Found in Sanga, Sanga 2007.

Beyond Our Wildest Dreams

November 12th, 2007 | No Comments

Q. As I understand it, when a person is initiated into the order of sannyasa he receives a special mantram by aural reception. I was told that Srila Prabhupada heard the sannyasa mantram from his sannyasa guru Srila Bhakti Prajnana Kesava Maharaja, who heard it from his sannyasa guru Srila Bhakti Raksaka Sridhara Maharaja, who heard it from Srila Bhaktisiddhanta Saraswati Thakura.

However, I read that Srila Bhaktisiddhanta Saraswati took sannyasa from a picture of his guru Srila Gaura Kisora dasa Babaji Maharaja, so my question is how exactly did he receive the sannyasa mantram? Obviously, he didn’t hear it from Gaura Kisora dasa Babaji as he was no longer physically present. Was the mantram revealed to Saraswati Thakura in a dream or did he hear it at some point from Bhaktivinoda Thakura?

A. Most of the mantras used in our sampradaya are found in the Hari-bhakti-vilasa, having been collected from the tantra sastras, agamas, and so forth by Sanatana and Gopala Bhatta Goswamis. The sannyasa mantra is no exception. This mantra is given to renunciates, be they babajis or tridandi sannyasis. Srila Bhaktisiddhanta Saraswati Thakura gave it to his sannyasa initiates. He did not hear it from Gaura Kisora dasa Babaji during his manifest presence, rather he received it from him in a divine vision after Srila Gaura Kisora had left the world.

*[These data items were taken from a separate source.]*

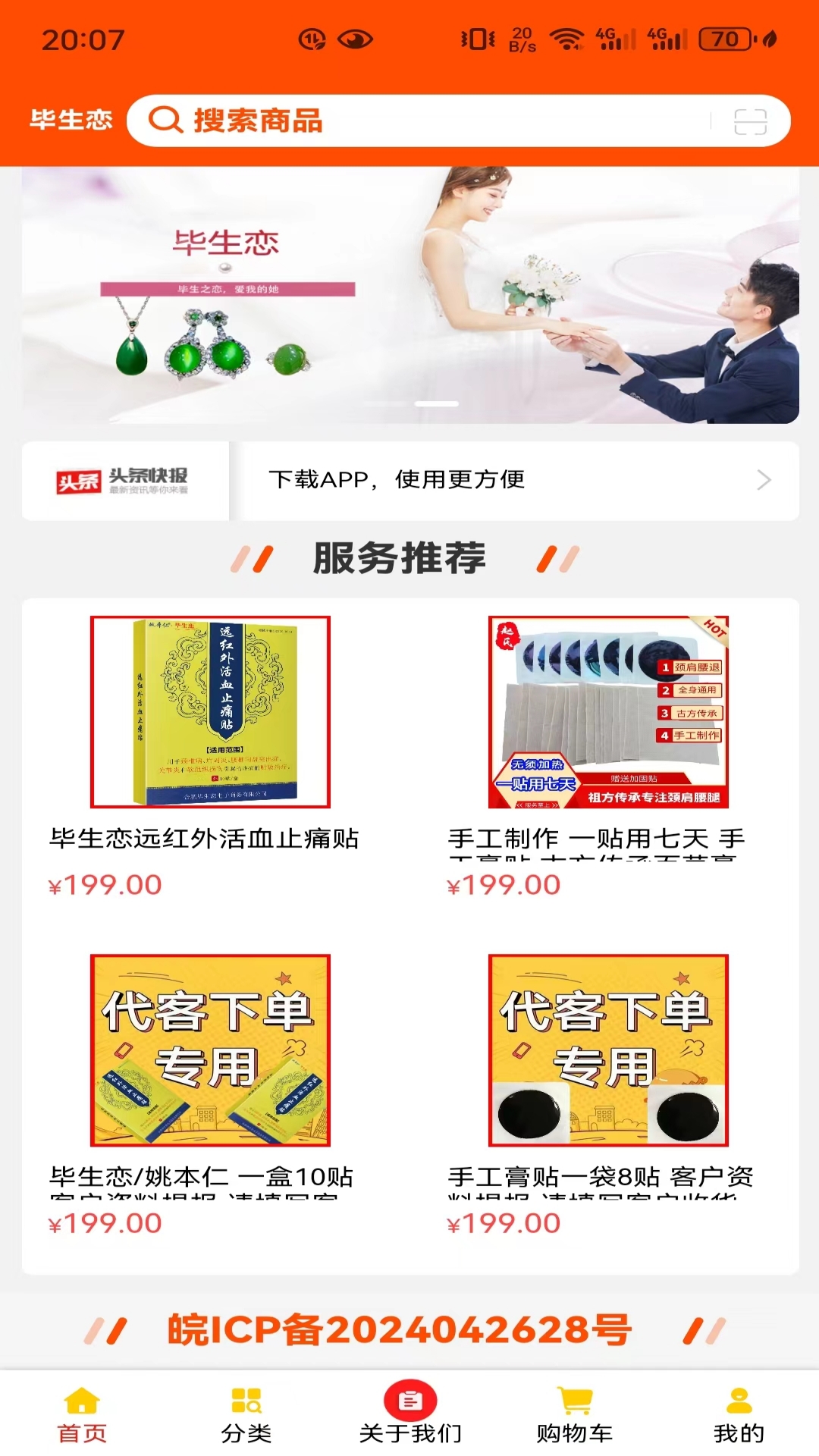 毕生恋健康小店APP由合肥毕生恋电子商务有限公司开发并运营。这是一款专注于销售优质日用品以及二类医疗器械产品的APP。
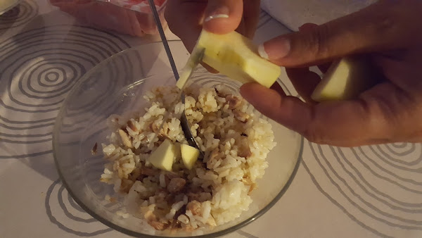 3.- Añadimos el arroz blanco y lo mezclamos.
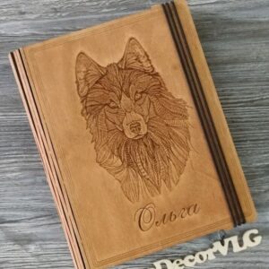Intra απο ξύλο plywood 3mm-4mm πάχος - Διακοσμητικό κάλυμμα σημειωματάριου με χαραγμένο Wolf Δίασταση 30x30 cm Intraeaxys-eoxlyygo

Srila Bhaktisiddhanta Saraswati Thakura did not always repeat this mantra verbally to his sannyasa initiates. On many occasions he gave it to his sannyasa disciples written on a piece of paper. Pujyapada B. P. Kesava Maharaja did not speak the mantra in Srila Prabhupada’s ear when he gave him sannyasa, rather he gave it to him written on a piece of paper. Similarly, Srila Prabhupada gave the sannyasa mantra to many of his disciples in the same way.

It is important to note here that the will of the Vaisnava, his or her intention and blessings, is the essence of divine transmission. Furthermore, initiation through divine vision is not unprecedented in our sampradaya. Gaudiya literature tells us that Sri Syamananda received initiation into gopi bhava in a divine vision. Originally his claim to initiation was contested, but eventually it was accepted on the strength of his personal spiritual power. Baladeva Vidyabhusana also confirms in his commentary on Vedanta-sutra that mantras are sometimes conveyed from guru to disciple in dreams.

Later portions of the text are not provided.